Java “understands Unicode” as does XML. So PDFUnit also “understands” Unicode. The section 7: “Unicode” deals with Unicode in detail.
This section describes a utility program that converts a Unicode string into its ASCII hex code. The hex code can be used in many of your tests. If you are using a small number of Unicode characters it is easier to use ASCII hex code than to install a new font on your computer. And maybe you don't have permission anything.

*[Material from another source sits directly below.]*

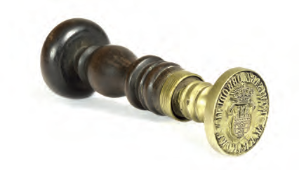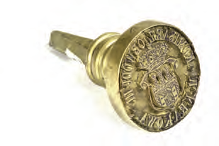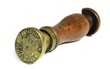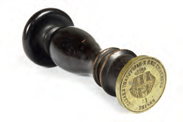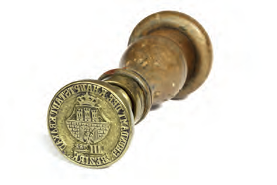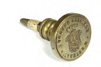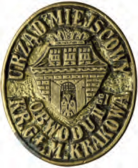 Plakat z obwieszczeniem podanym do wiadomości w 1892 r., dotyczącym spraw porządkowych; podział miasta na dzielnice administracyjne – obwody wykorzystano tu do przestrzennego określenia właściwej dla przedmiotu obwieszczenia części miasta (Archiwum Narodowe w Krakowie, sygn. 29-665-176) Z biurka urzędnika magistrackiego z przełomu wieków XIX i XX: 1. przybornik do pieczątek z blachy żelaznej cynowanej i miedzi wytłaczanej francuskiej firmy H & F; w komplecie: poduszka do tuszu, buteleczka po fioletowym tuszu do pieczątek firmy Tintenfabrikś Eduard Beyer z Chemitz w Saksonii, pieczątka z mosiężnym stemplem i drewnianym trzonkiem oraz pędzelek do czyszczenia pieczątki; 2. bibularz – bibuła, blacha cynowa, papier, skóra tłoczona; 3. szklany kałamarz i obsadka ze stalówką; 4. laska czerwonego laku firmy Iskra (później Iskra i Kamiński); 5. mosiężna pieczątka w drewnianym łożu do wyciskania numeru identyfikacyjnego, m.in. dla zakładania plomb urzędowych; 6. mosiężny datownik z drewnianym uchwytem; 7. lulka do papierosów ze srebra niellowanego i złoconego tombaku położona na popielniczce platerowanej srebrem; 8. kieszonkowy zegarek ze srebrną dewizką, przystosowany do postawienia jako zegarek biurkowy; 9. nóż do papieru z lanego brązu; 10. klepsydra o konstrukcji cynowej ze szklanym korpusem wypełnionym drobnym piaskiem; 11. posrebrzane puzderko na karty wizytowe (wizytownik); 12. okulary binokle sprężynowe w futerale krakowskiej firmy Zieliński. (Obiekty 1–2: Muzeum Uniwersytetu Jagiellońskiego, nr inw. 9436 i 9393; pozostałe obiekty ze zbiorów rodzinnych Bożeny i Marka Sosenków, Antykwariat Antyki-Sosenko w krakowskim Rynku Głównym)

The utility ConvertUnicodeToHex
converts any string into ASCII and escapes all non-ASCII characters
into their corresponding Unicode hex code. For example, the Euro character
is converted into \u20AC.
The input file can be of any encoding, but you have to define the right encoding before executing the program.

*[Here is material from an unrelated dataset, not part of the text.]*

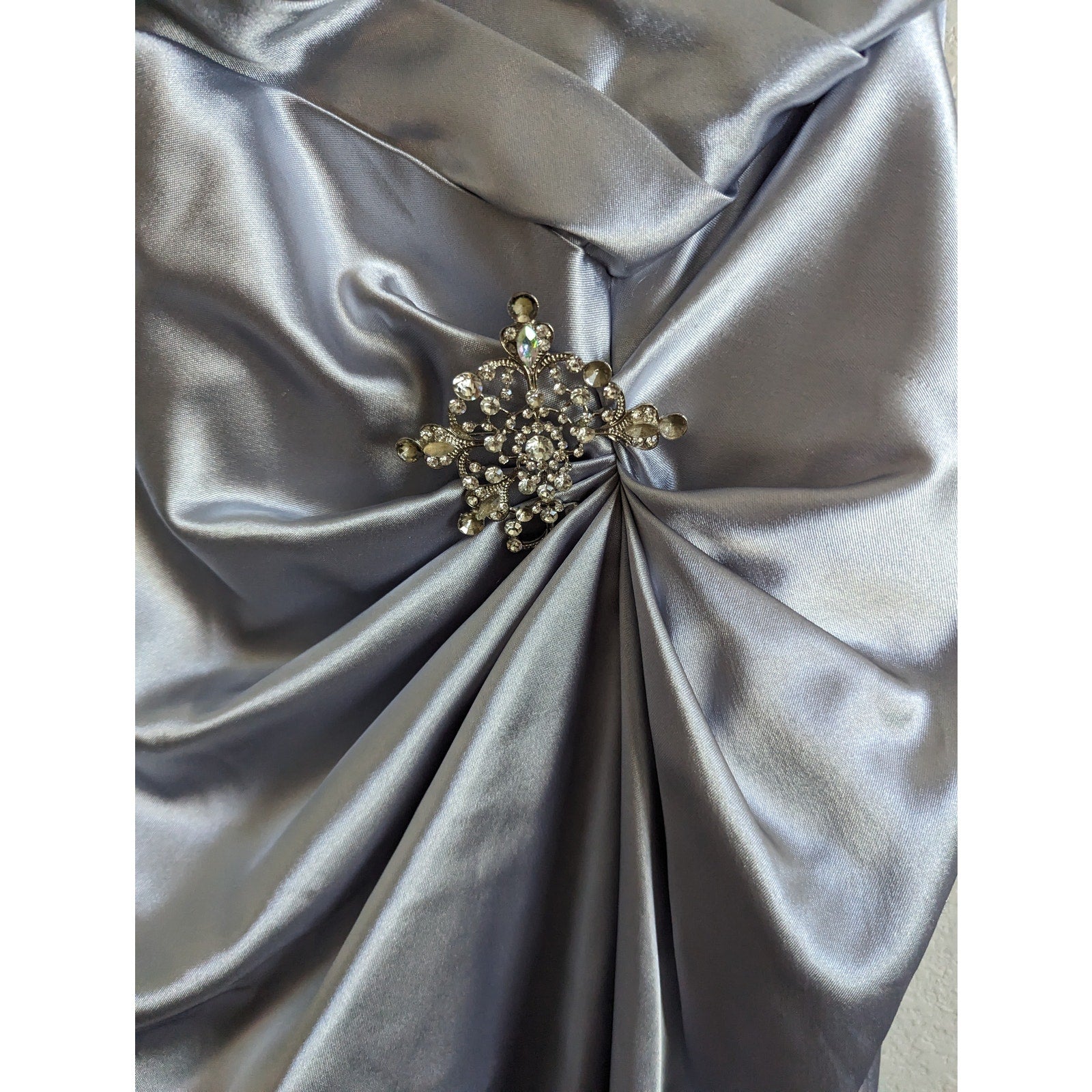 This vintage Y2K women's Aspeed formal dress is a stunning addition to any wardrobe. The ice blue and silver satin fabric create a timeless and elegant look. The strapless maxi design is perfect for formal events, and the size small ensures a flattering fit for any woman. The dress has been lovingly cared for and is in excellent condition, ready to be worn and enjoyed. The intricate detailing and quality craftsmanship make this dress a true treasure. Add this gorgeous piece to your collection or wear it to your next formal occasion.

You start the Java program with the parameter -D:
:: :: Converting Unicode content of the input file to hex code. :: @echo off setlocal set CLASSPATH=./lib/pdfunit-2015.10/*;%CLASSPATH% set TOOL=com.pdfunit.tools.ConvertUnicodeToHex set OUT_DIR=./tmp set IN_FILE=convert-unicode-to-hex.in.txt java -Dfile.encoding=UTF-8 %TOOL% %IN_FILE% %OUT_DIR% endlocal
The name of the output file is derived from the name of the input file.

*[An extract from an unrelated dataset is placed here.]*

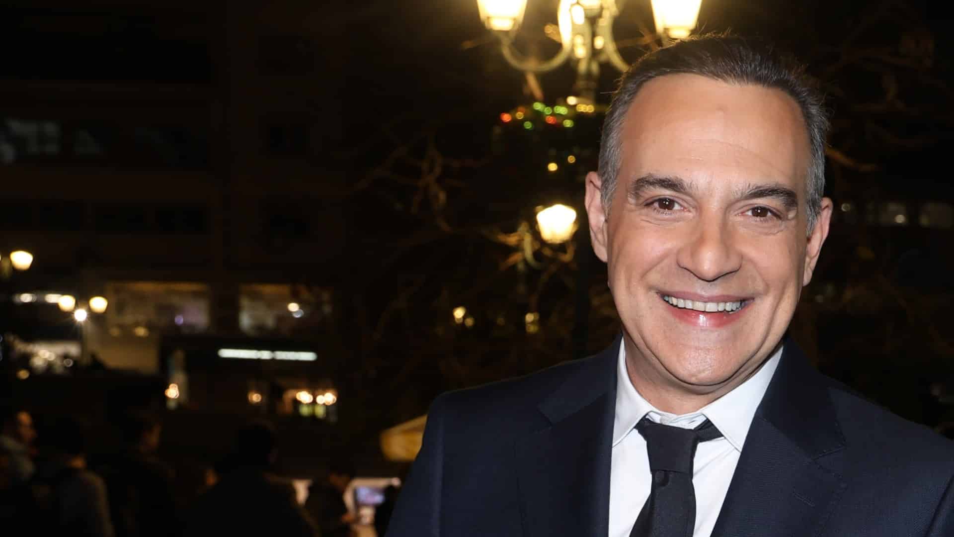 Το τηλεοπτικό συνεργείο συνάντησε τον ηθοποιό και παρουσιαστή στην κοπή της πίτας της θεατρικής παράστασης “Το Όνομα”, στην οποία συμμετέχει, ρωτώντας τον για την επιστροφή της πρώην συζύγου της, Κατερίνας Καραβάτου, στον ΑΝΤ1, μετά το “κόψιμο” της Ελένης Τσολάκη.

So _convert-unicode-to-hex.out.txt with the following content
is generated:
#Unicode created by com.pdfunit.tools.ConvertUnicodeToHex #Wed Jan 16 21:50:04 CET 2013 convert-unicode-to-hex.in_as-ascii=\u00E4\u00F6\u00FC \u20AC @
The output file is written in the encoding of the Java Runtime,
derived from the environment parameter file.encoding.
Leading and trailing whitespaces in the input string will be trimmed! When you need them for your test, add them later by hand.